In the current article, we studied the effect of yttrium [Y³⁺] ions’ substitution on the structure and electric behavior of barium zirconate titanate (BZT) ceramics with a general formula [Ba_1−x Y_2x/3](Zr_0.25Ti_0.75)O₃ (BYZT) with [x = 0, 0.025, and 0.05] which were prepared by the solid-state reaction method. X-ray diffraction patterns indicate that these ceramics have a single phase with a perovskite-type cubic structure. Rietveld refinement data confirmed [BaO₁₂], [ZrO₆], [TiO₆], and [YO₆] clusters in the cubic lattice. The Y³⁺ ions’ effects on the electric conductivity behavior of BZT ceramics as a function of temperature and frequency are described, which are based on impedance spectroscopy analyses.
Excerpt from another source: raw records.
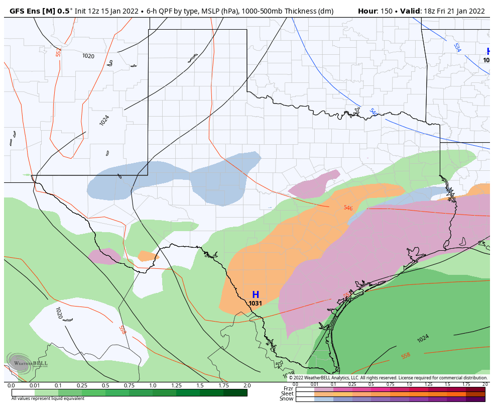 It shows some light snow accumulations out in the Hill Country. Kinda where the GFS had been showing it a few runs ago.Stratton20 wrote: ↑Sat Jan 15, 2022 1:49 am CPV17 what does it show? For some reason its not showing the 00z run for me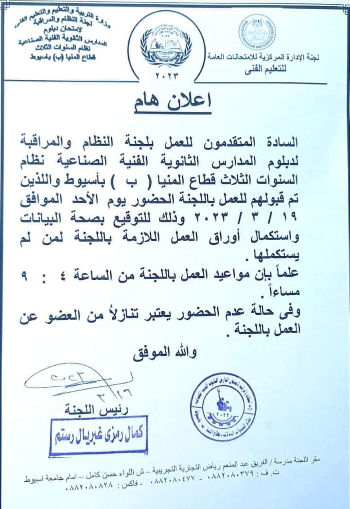 وجهت لجنة الإدارة المركزية للامتحانات العامة بالتعليم الفني، خطاب للمتقدمين للعمل بلجنة النظام والمراقبة لدبلوم المدارس الثانوية الفنية الصناعية قطاع المنيا "ب".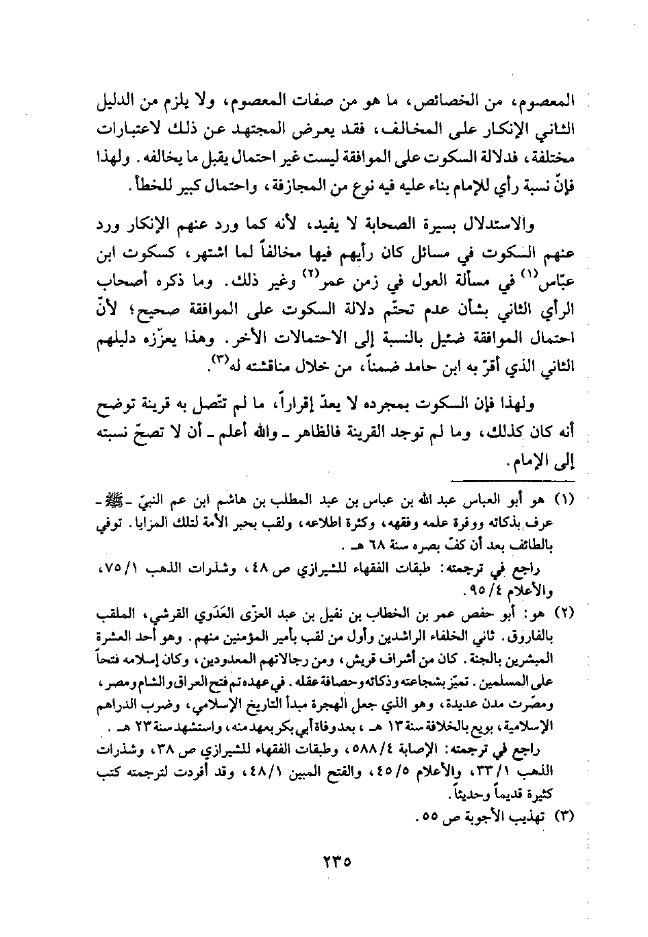 والاستدلال بسيرة الصحابة لا يفيد؛ لأنه كما ورد عنهم الإنكار ورد عنهم السكوت في مسائل كان رأيهم فيها مخالفاً لما اشتهر، كسكوت ابن عباس (¬1) في مسألة العول في زمن عمر (¬2) وغير ذلك. وما ذكره أصحاب الرأي الثاني بشأن عدم تحتم دلالة السكوت على الموافقة صحيح؛ لأن احتمال الموافقة ضئيل بالنسبة إلى الاحتمالات الآخر. وهذا يعززه دليلهم الثاني الذي أقر به ابن حامد ضمناً، من خلال مناقشته له (¬3).

The complex impedance plots display a double semicircle which highlights the influences of grain and grain boundary on the ceramics. Impedance analyses showed that the resistance decreased with the increasing temperature and resulted in a negative temperature coefficient of the resistance property in all compositions. Modulus plots represent a non-Debye-type dielectric relaxation which is related to the grain and grain boundary as well as temperature-dependent electric relaxation phenomenon and an enhancement in the mobility barrier by Y³⁺ ions. Moreover, the electric conductivity increases with the replacement of Ba²⁺ by Y³⁺ ions may be due to the rise in oxygen vacancies.